Тоска и одиночество еврейского мальчика, в первый раз жизни попавшего в пионерский лагерь. В обычной жизни я сплю в своей комнате один. Комната называется «детская». Родители не входят в детскую без стука. Здесь двенадцать человек в палате. Совершенно чужие и абсолютно не интересные мне сверстники.
У них странные ритуалы - после обеда, собравшись вместе, они какают в общественном туалете сидя вряд на корточках. Украли из моей тумбочки и съели печенье ромашка. В прошлое воскресенье приезжал папа с виноватым выражением лица. Привез большой кулек . Я так и не понял, по каким родительским или педагогическим соображениям, за какую провинность я оказался узником этого лагеря.
Приступ. Испуганный пионервожатый принес меня в медицинский пункт на руках. Медсестра меряет температуру. Температура нормальная. Дали чистую, необычно твердую подушку , уложили на большой кожаный диван в кабинете врача, накрыли одеялом, тоже чистым. Перед приступом обострялось чувство брезгливости. Я уснул. Через два часа глубокого, обморочного сна я в порядке. Проснулся с полной, необыкновенной чистотой и ясностью ума и чувств. Как будто произошла какая-то перезарядка, reboot операционной системы. Я - робот.
Перед армией обследование в психоневрлогическом диспансере на Бехтерва, в стационаре. В одной палате с полусумасшедшими.
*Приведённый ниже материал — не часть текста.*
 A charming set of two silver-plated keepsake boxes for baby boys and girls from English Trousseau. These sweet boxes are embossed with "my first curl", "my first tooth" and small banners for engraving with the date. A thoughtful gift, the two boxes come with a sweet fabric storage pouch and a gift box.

Были и блатные - настоящие сумасшедшие, которых влиятельные родственники пытались уберечь от психиатрического стационара в Новинках. О, какие там были беседы. Приходилось ли вам участвовать в ночном разговоре в палате сумасшедшего дома? Нет, вам не приходилось.
Шахматы. Я - абсолютный чемпион палаты, довольно быстро - чемпион всего коридора, психиатрического крыла главного корпуса и , наконец, чемпионат психо-неврологического диспансера имени Бехтерева по шахматам. Лето 1970 года.
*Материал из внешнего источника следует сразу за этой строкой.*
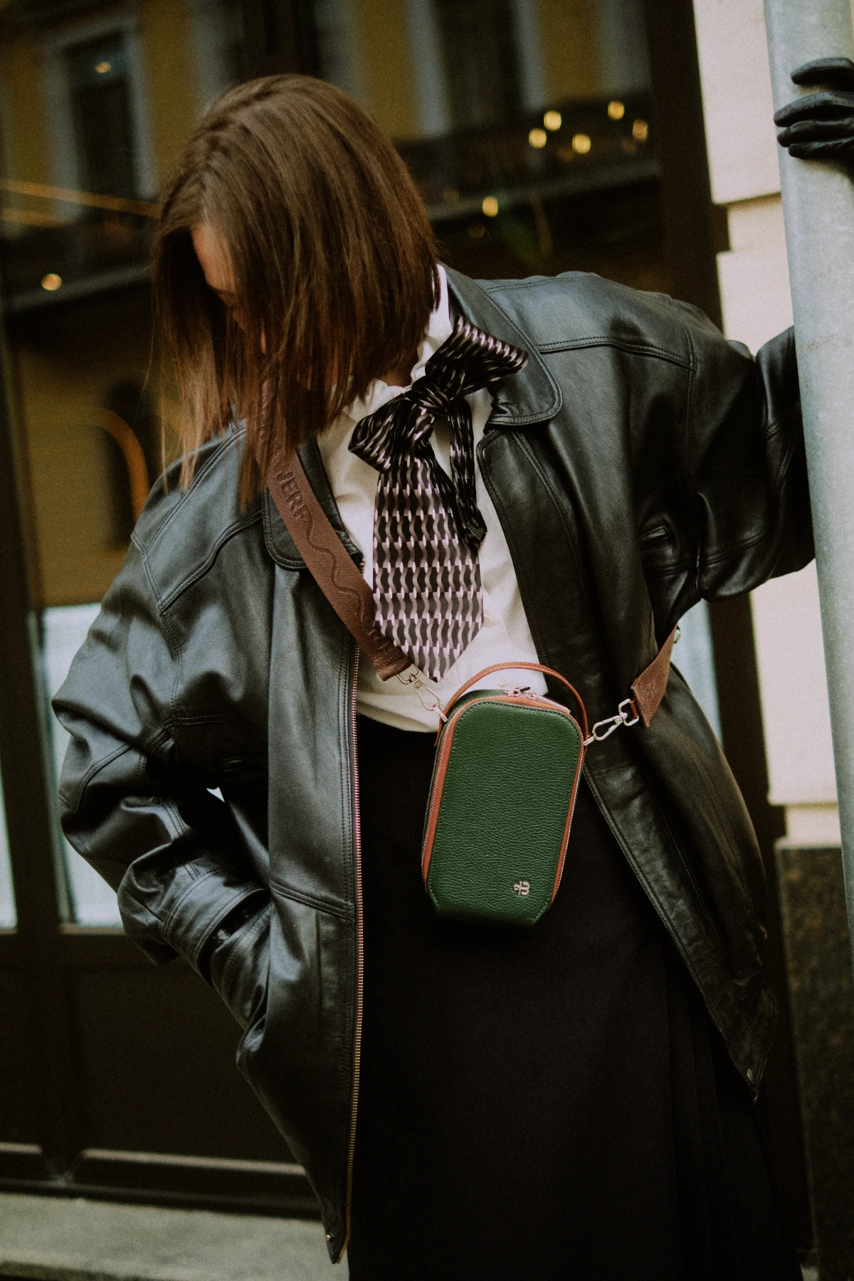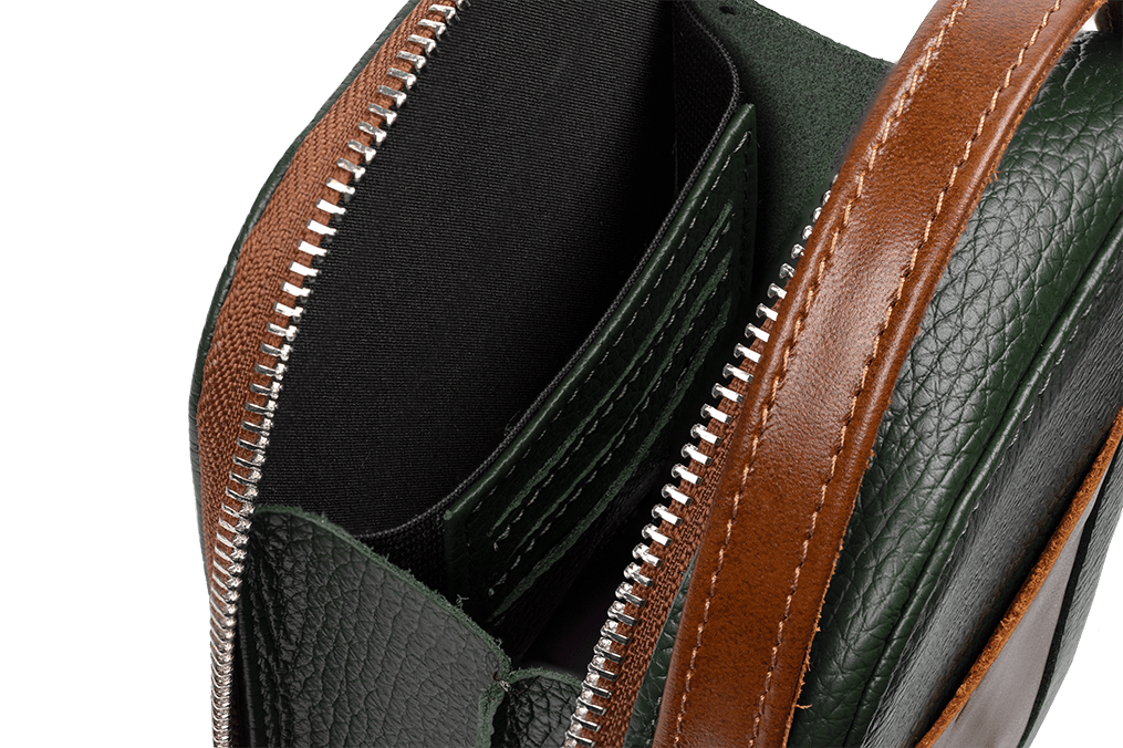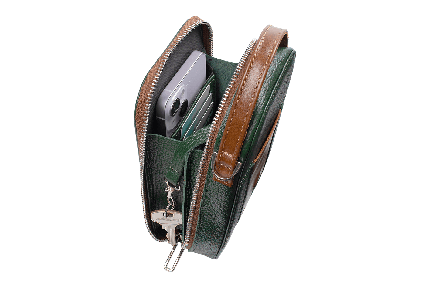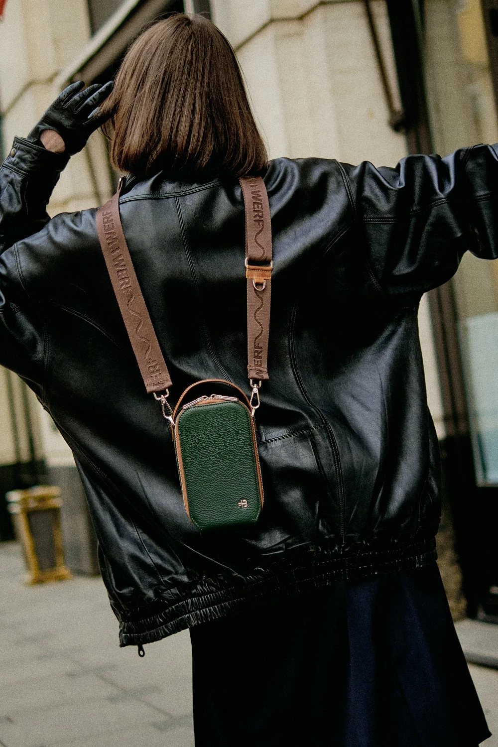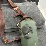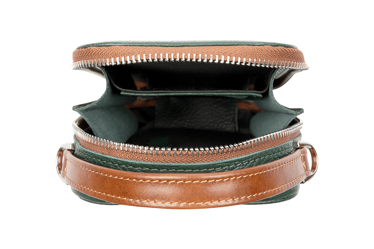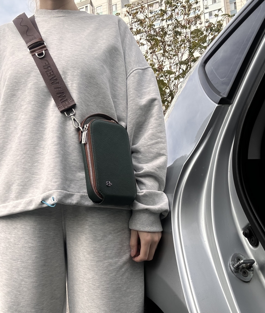 У меня эта сумочка зелёно-коричневая, долго мучилась с выбором цвета (в принципе, как всегда — ведь все красивые), остановилась именно на этом в том числе из-за ремня, потому что у остальных ремни черные, а этот в цвет. По размеру довольно удобный вариант для недалёких прогулок: у меня в сумку влезли небольшой кошелёк, ключи, проездной и паспорт в объёмной обложке. Наушники, жаль, уже не поместились.

Я играл за психиатрическое отделение против неврологического. В коридор, принесли из кухни дюралевый стол и стулья. Против меня сел с бледным, ничего не выражающим, лицом и монотонным голосом тип в теплой домашней пижаме. Разыграли дебют. Я сразу понял, что это типичный народный гений, самоучка, безграмотный в шахматной теории. Он строил из фигур красивые, гармоничные той примитивной гармонией, которую из любого предмета делает детская игрушка калейдоскоп, конструкции. Я захватывал центр и атаковал острыми комбинаторскими атаками, рвался к королю и вяз в его защите. Мы сыграли вничью. Я обернулся. Сзади за моей спиной стояло человек двадцать из психиатрического отделения - сумасшедших. Они болели за меня.
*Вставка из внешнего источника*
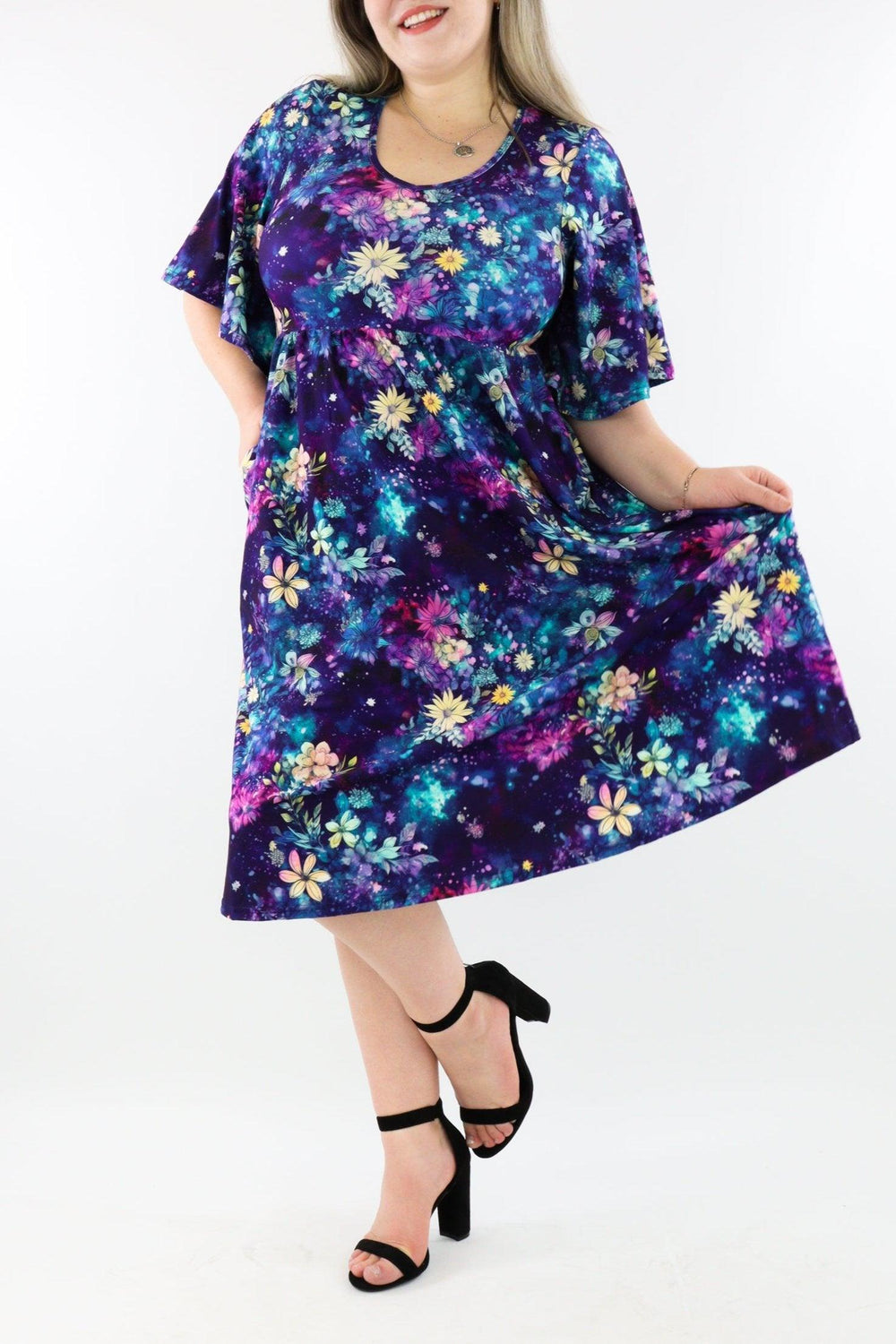 Galaxy Flowers - Midi Length Dress - Mid Sleeve - Pockets

Мы сели играть вторую партию. Должны были поменяться цветом фигур. Он остановил меня пальцем и сказал:
- Я буду играть черными.
- У белых преимущество, первый ход, инициатива.
Он сказал:
- Я люблю играть в защите.
- Не умеете атаковать?
- Умею, мне нельзя этого делать, - сказал он.
- Кто запрещает?
- Врач.
Слушайте, сказал врач, - я вас выписываю. Вы тут будоражите мне всех. У нас диспансер, люди проходят курс лечения. Мне эти ваши шахматные турниры не нужны. Что же касается непосредственно вас: «Вегетативно-сосудистая дистония. В красную армию с этим берут.»
- Справку дадите? - спросил я.
- Какую я могу вам дать справку?
- Что я опасно психически здоров.
После ночи в большой казарме на сборном пункте, вповалку на полу, построение, пересчет и погрузка в плацкартный вагон. По восемь человек на плацкарту. Мы не знали, куда едем. Когда поезд тронулся, пьяный, расстегнутый на все пуговицы до самой последней рубашки старший сержант, на наш вопрос - "куда едем?" - важно сказал: «На месте узнаете» .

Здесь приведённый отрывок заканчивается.